Для повышения чувствительности комплексы молекул с макромолекулами на поверхности чипа могут ковалентно сшиваться с помощью химических, фотохимических, химических методов с радиоизотопной меткой.
В качестве методов ионизации при масс-спектрометрометрическом анализе могут быть использованы LD, MALDI, SELDI, SALDI, ESI, SIMS, FAB (fast atom bombardment).
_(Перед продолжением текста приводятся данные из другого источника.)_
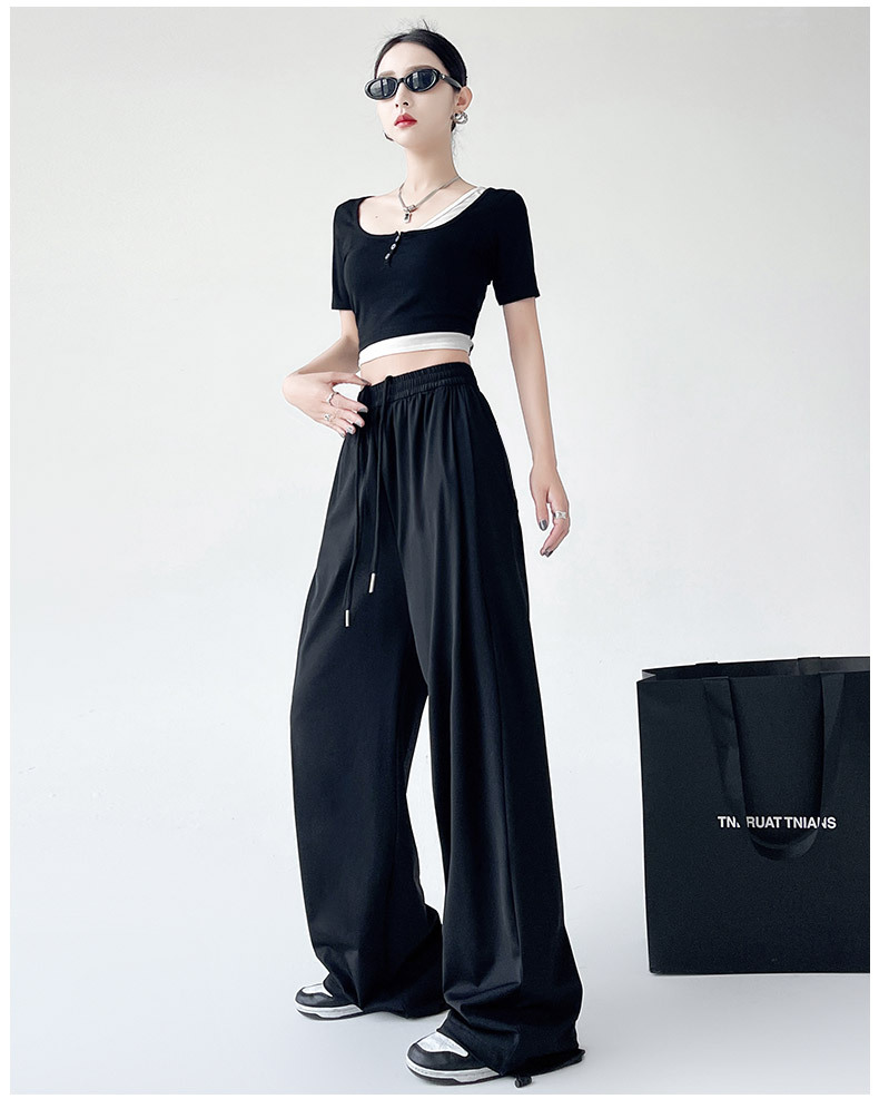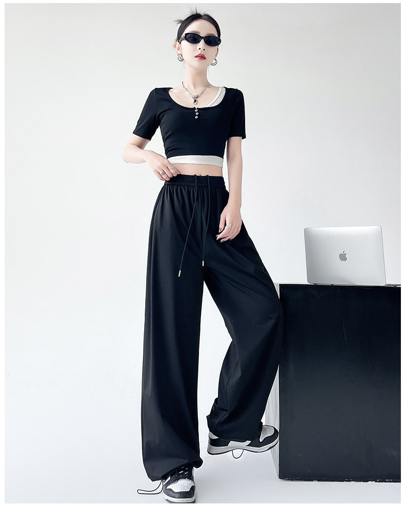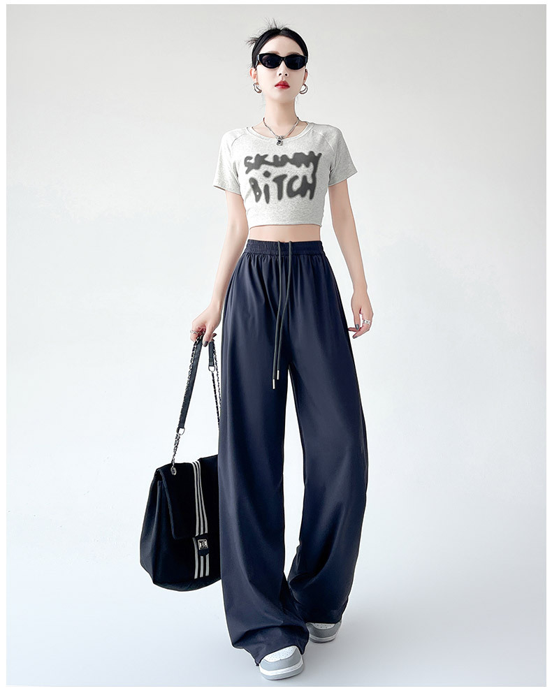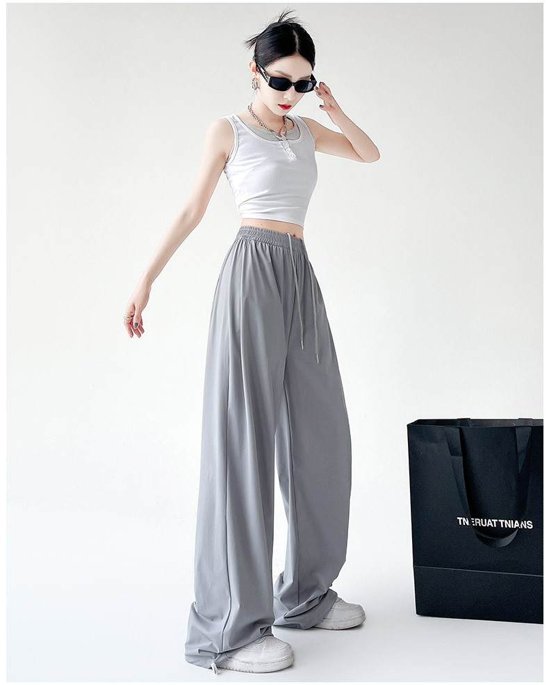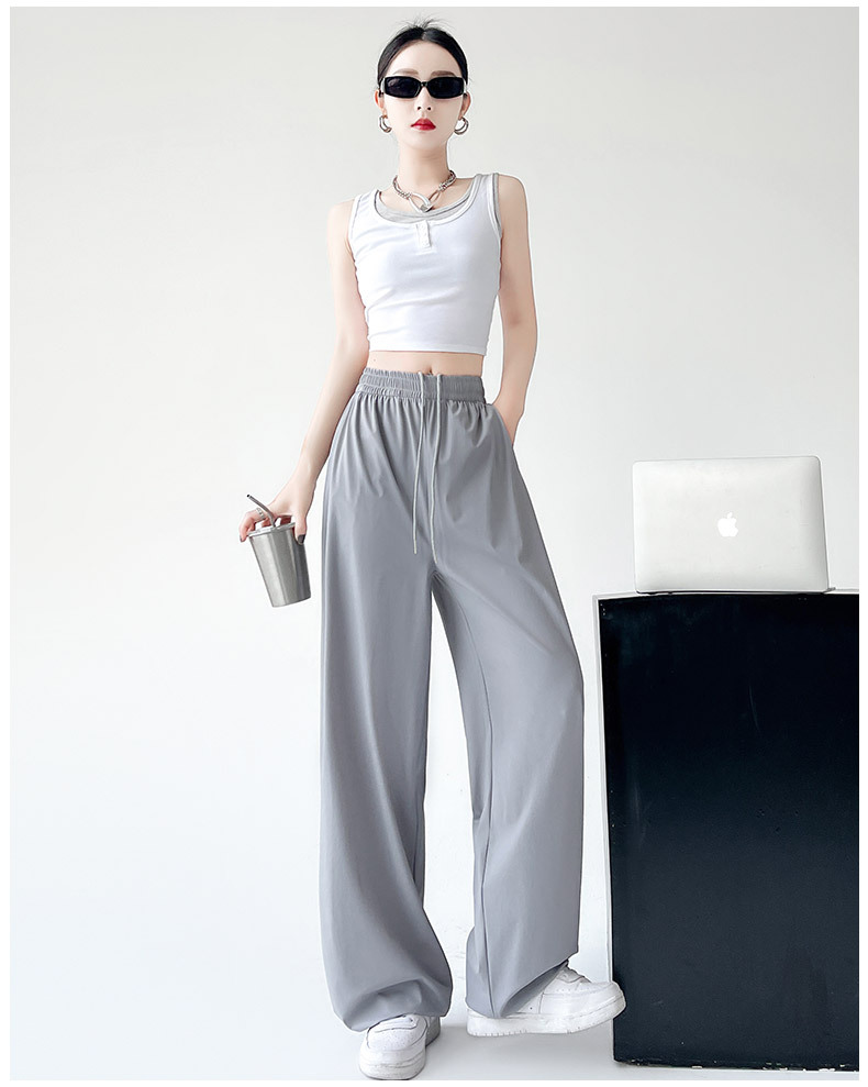아이스 실크 크록 바지 여자 여름 2025 새로운 봄과 가을 작은 미국 스타일 발목 바지 충전 빠른 건조 스포츠 바지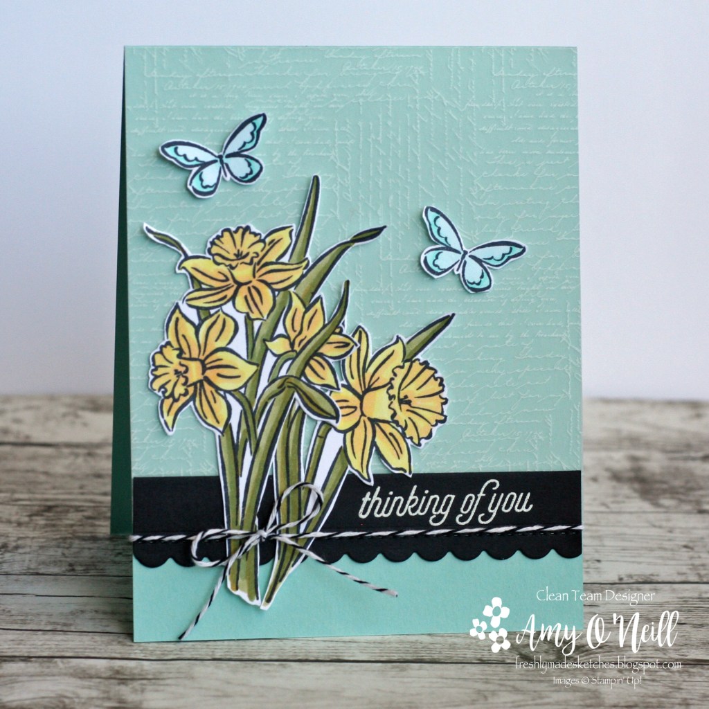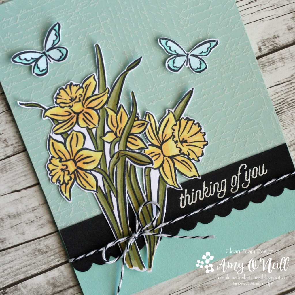 For the vertical strip, I decided to use a new stamp set, Daffodil Daydream. I stamped the daffodils and butterflies and colored them with my alcohol markers before cutting them out. I then adhered them to a piece of patterned vellum from the Vellum Layering Designs collection.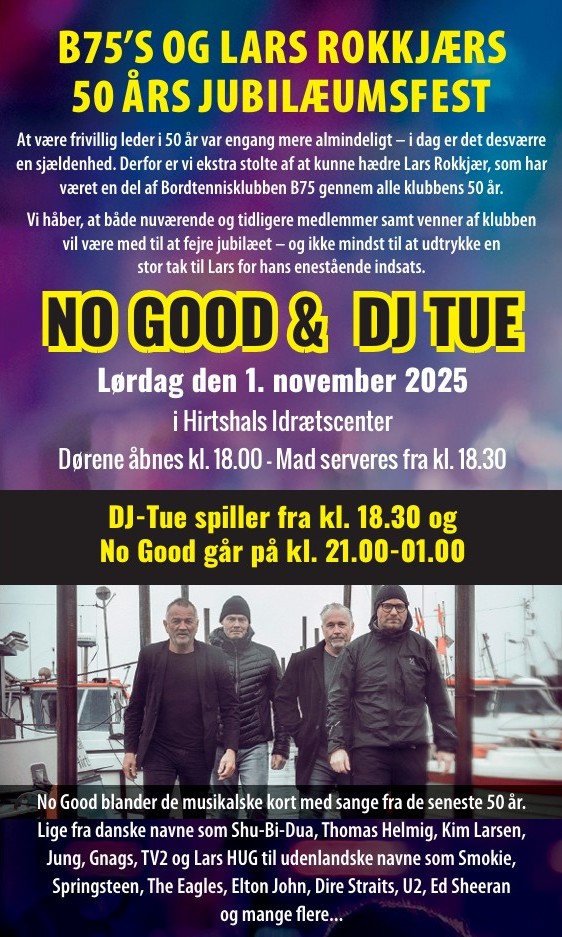 - Kl. 12.15: Receptionen starter i B75’s spillelokaler. Køkkenet i Hirtshals Idrætscenter serverer mad, og der er mulighed for, at alle der har lyst, kan tage ordet.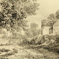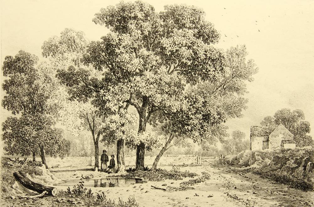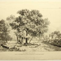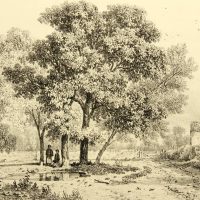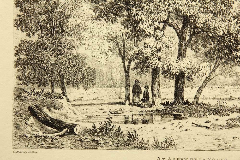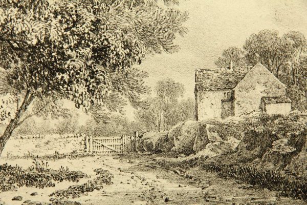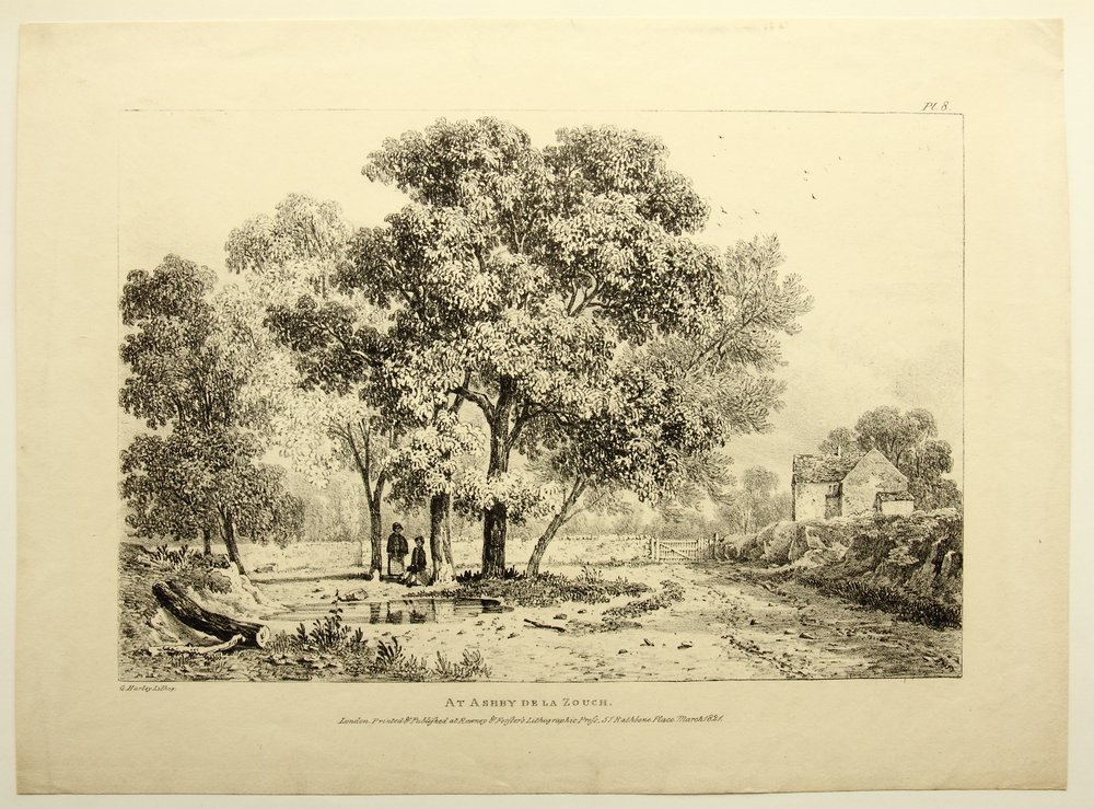 - Bezeichnung: Links unterhalb der Darstellung befindet sich im Stein die Signatur des Künstlers. Darunter ist die Darstellung betitelt mit “At Ashby de la Zouch” und mit Hinweisen zum Verlag bei Rowney & Forster’s in London versehen sowie auf 1821 datiert. Das Blatt ist mit “Pl.8” nummeriert und stammt aus George Harleys ReiheFirst Lessons of Landscapeaus dem jahr 1821.Rückseitig befindet sich der Stempel der Sammlung von Rolf Armin Winkler, dem Autor des StandardwerkesDie Frühzeit der deutschen Lithographie. Katalog der Bilddrucke von 1796-1821, München 1975.

В случае использования последних двух методов поверхность отмытого биочипа может покрываться тонким слоем золота, получаемого методом напыления в вакууме.
В качестве масс-анализаторов могут быть использованы TOF, Q, Q-TOF, FTICR, ion TRAP, ORBITRAP.
1. Способ регистрации и идентификации макромолекул в растворе аналита при помощи сопряженной системы на основе сканирующей пробной микроскопии и масс-спектрометрии, при котором ансамбль аффинных иммобилизованных молекул на поверхности биочипа инкубируют в растворе макромолекул, которые за счет аффинного биоспецифического связывания с иммобилизованными молекулами вылавливаются из этого раствора, отмывают от неспецифически сорбированных молекул, после чего полученные комплексы иммобилизованных белков с выловленными макромолекулами регистрируют с помощью сканирующего зондового микросокопа, а идентификацию выловленных комплексов производят методом масс-спектрометрии in situ с использованием лазерной десорбции LD, а также MALDI, SELDI, SALDI, SIMS, FAB или методом ESI, при этом комплексы молекул с макромолекулами на поверхности чипа могут ковалентно сшиваться с помощью химических, фотохимических или химических методов.
2. Способ по п.1, отличающийся тем, что в качестве сканирующего зондового микроскопа используют атомно-силовой микроскоп, или сканирующий туннельный микроскоп, или оптический ближнепольный микроскоп в одноканальном или многоканальном исполнении.
3. Способ по п.1, отличающийся тем, что в качестве молекул, иммобилизованных на поверхности чипа, могут быть антитела, антигены, аптамеры, фотоаптамеры, олигонуклеотиды или их фрагменты как в виде отдельного чипа, так и любые комбинации этих молекул в виде поля.